The strike at Mondelez (formerly Cadbury’s) plant in Coolock, Dublin, forced the management to withdraw their attempt to outsource 17 stores staff.
The 350 production workers at the plant staged a strong picket on Monday and Tuesday 7 and 8 March. SIPTU and UNITE workers stood together, supported by staff gathered at the gates, and brought to a halt the 24-hour production line.
Only management passed the picket line and, with no workers, nothing moved in the factory. All deliveries from the Cadburys chocolate crumb plant in Rathmore Kerry, were cancelled. As one worker said afterwards, the strike showed that they could deliver a 100% effective picket and stand up to management’s long running attempts to attack workers’ conditions.
Pulling the strings
The picket was called off on the Tuesday after unions and management at the Workplace Relations Committee had come up with a deal. It was clear that the outsourcing had been stopped. But the workers in the plant were left in the dark as to what else the deal contained. As we go to press, the unions have called a full meeting in Liberty Hall for Saturday March 12 recommending acceptance of the deal.
Management’s plan for the Coolock plant was to introduce new chocolate making technology and concentrate on Twirl, Flake and Dairy Milk brands for sale in Ireland and for export. They wanted to slim down production to maximize Mondelez’s already massive profit margins.
Their proposals involved many changes to existing work practices. Changes to shift working, for example, would involve the evening shift now finishing at 11pm instead of 10pm, making getting home more difficult for those workers who do not live locally. These aspects of the deal will remain in place.
The company appeared to offer a sweetener of a pay deal of 1.5% over two years –but this was well below the private sector norm. The union agreed to this and further cost cuts in the store area, provided that the company dropped it outsourcing plans. In playing outsourcing off against other issues, the union now finds itself swallowing claw backs in conditions that many workers are not happy with.
Over the years, Cadbury workers have seen their numbers cut by three quarters, increased casualization, and felt the threat of closure hanging over them. During this dispute, the management in Zurich threatened that they would leave and take the production to Poland.
Union officials appeared to accept that the firm’s viability was under threat. Siptu Offcial, Gerry McCormack, while opposing any outsourcing, stressed that the main fear was whether the company had a long term commitment to the facility.

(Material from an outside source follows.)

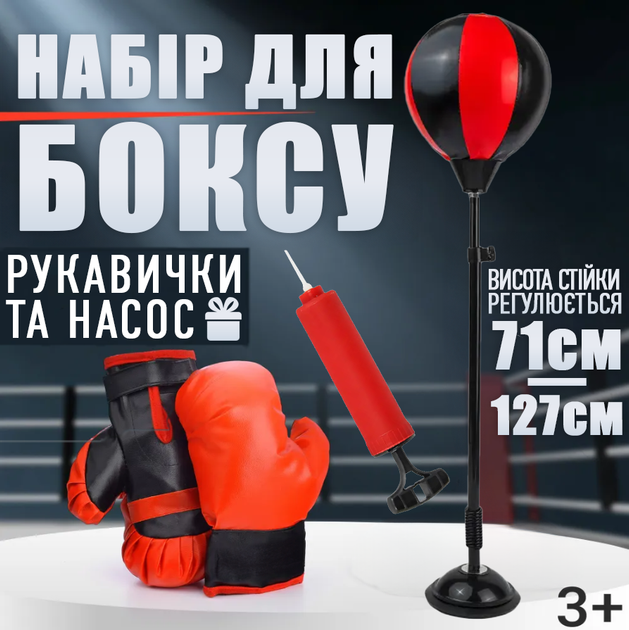 Підлогова боксерська стійка груша мішень 127см дитячий набір для боксу на підставці тренажер з рукавичками та регулюванням в
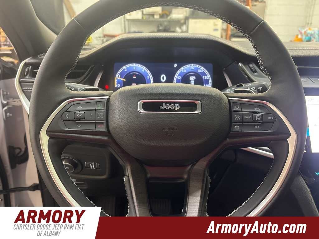 Grand Cherokee Limited is nicely equipped with Luxury Tech Group II (Auto-Dimming Exterior Driver Mirror, Capri Leatherette with Axis II Seats, Integrated Off-Road Camera, Memory Steering Column, ParkSense Front/Rear Park Assist with Stop, Passive Entry - Front/Rear Doors, Liftgate, Power Tilt/Telescope Steering Column, Rain Sensitive Windshield Wipers, Rear Back-Up Camera Washer, Rearview Autodim Digital Display Mirror, Side Distance Warning, Surround View Camera System, and Wireless Charging Pad), Quick Order Package 2CE Limited, 10 Speakers, 3.70 Rear Axle Ratio, 4-Wheel Disc Brakes, 4G LTE Wi-Fi Hot Spot, ABS brakes, Active Noise Control System, Air Conditioning, Alloy wheels, AM/FM radio: SiriusXM with 360L, Anti-whiplash front head restraints, Apple CarPlay, AppLink/Apple CarPlay and Android Auto, Audio memory, Auto High-beam Headlights, Automatic temperature control, Auxiliary Battery, Brake assist, Bumpers: body-color, Capri Leatherette Seats, Compass, Connectivity - US/Canada, Delay-off headlights, Disassociated Touchscreen Display, Driver door bin, Driver vanity mirror, Dual front impact airbags, Dual front side impact airbags, Dual-Pane Panoramic Sunroof, Electronic Stability Control, Emergency communication system, For Details, Visit DriveUconnect.com, Four wheel independent suspension, Front anti-roll bar, Front Bucket Seats, Front Center Armrest w/Storage, Front dual zone A/C, Front fog lights, Front License Plate Bracket, Front reading lights, Fully automatic headlights, Garage door transmitter, Global Telematics Box Module (TBM), Gloss Black Exterior Mirrors, Google Android Auto, GPS Antenna Input, Heated door mirrors, Heated Exterior Mirrors, Heated front seats, Heated rear seats, Heated steering wheel, Illuminated entry, Integrated Center Stack Radio, Integrated Voice Command with Bluetooth®, Knee airbag, Low tire pressure warning, Manual Folding Exterior Mirrors, Memory seat, MyFlexCare Service Plan, Navigation System, Normal Duty Suspension, Occupant sensing airbag, Outside temperature display, Overhead airbag, Overhead console, Panic alarm, ParkView Rear Back-Up Camera, Passenger door bin, Passenger vanity mirror, Power door mirrors, Power driver seat, Power Liftgate, Power passenger seat, Power steering, Power windows, Radio data system, Radio: Uconnect 5 Nav with 12.3 Display, Rear anti-roll bar, Rear reading lights, Rear window defroster, Rear window wiper, Remote keyless entry, Security system, Speed control, Speed-Sensitive Wipers, Split folding rear seat, Spoiler, Steering wheel mounted audio controls, Tachometer, Telescoping steering wheel, Tilt steering wheel, Traction control, Trip computer, Turn signal indicator mirrors, USB Host Flip, Variably intermittent wipers, Voltmeter, Wheels: 18 x 8.0 Polished/Painted Aluminum, and Wheels: 20 x 8.5 Machined/Painted AluminuM.

The company has invested in new machinery in the Coolock plant – not a sign that they are prepared to up and leave in a hurry. The restructuring plan of the company was to pave the way for a €11.7 million investment in new chocolate making technology. Moving location is costly and disruptive for corporations. And while workers were picketing the company, with valuable assets inside, the company was not in a position to dictate terms.
There are further battles ahead. Craft workers fear that in the restructuring their work will be outsourced and downgraded. The company has already proposed that the grades of fitter and electrician would be merged into a new Maintenance Technician, with different terms and conditions. The (misnamed) Labour Court, under deputy chairman Brendan Hayes, formerly of SIPTU, ruled in favour of this. Again the union has insisted that outsourcing is the main threat, and indicated that it is willing to negotiate on terms and conditions.
With the WRC intervention, the decision about whether to continue the strike was taken out of the workers hands. Some workers felt that they were being held over a barrel by management and that the WRC was playing into Mondelez’s hands. If an emergency meeting of the workers had been called while the picket was on, everyone could have agreed democratically whether the deal was acceptable.
The strength of strike showed that outsourcing could be stopped. The strike presented a real opportunity to redress the balance in favour of basic union rights.
But organising a strong, accountable union committee, answerable only to the workers they represent – not to Kieran Mulvey nor official negotiators – will be key to ensuring that workers’ rights are fully defended at Cadburys’ in the future.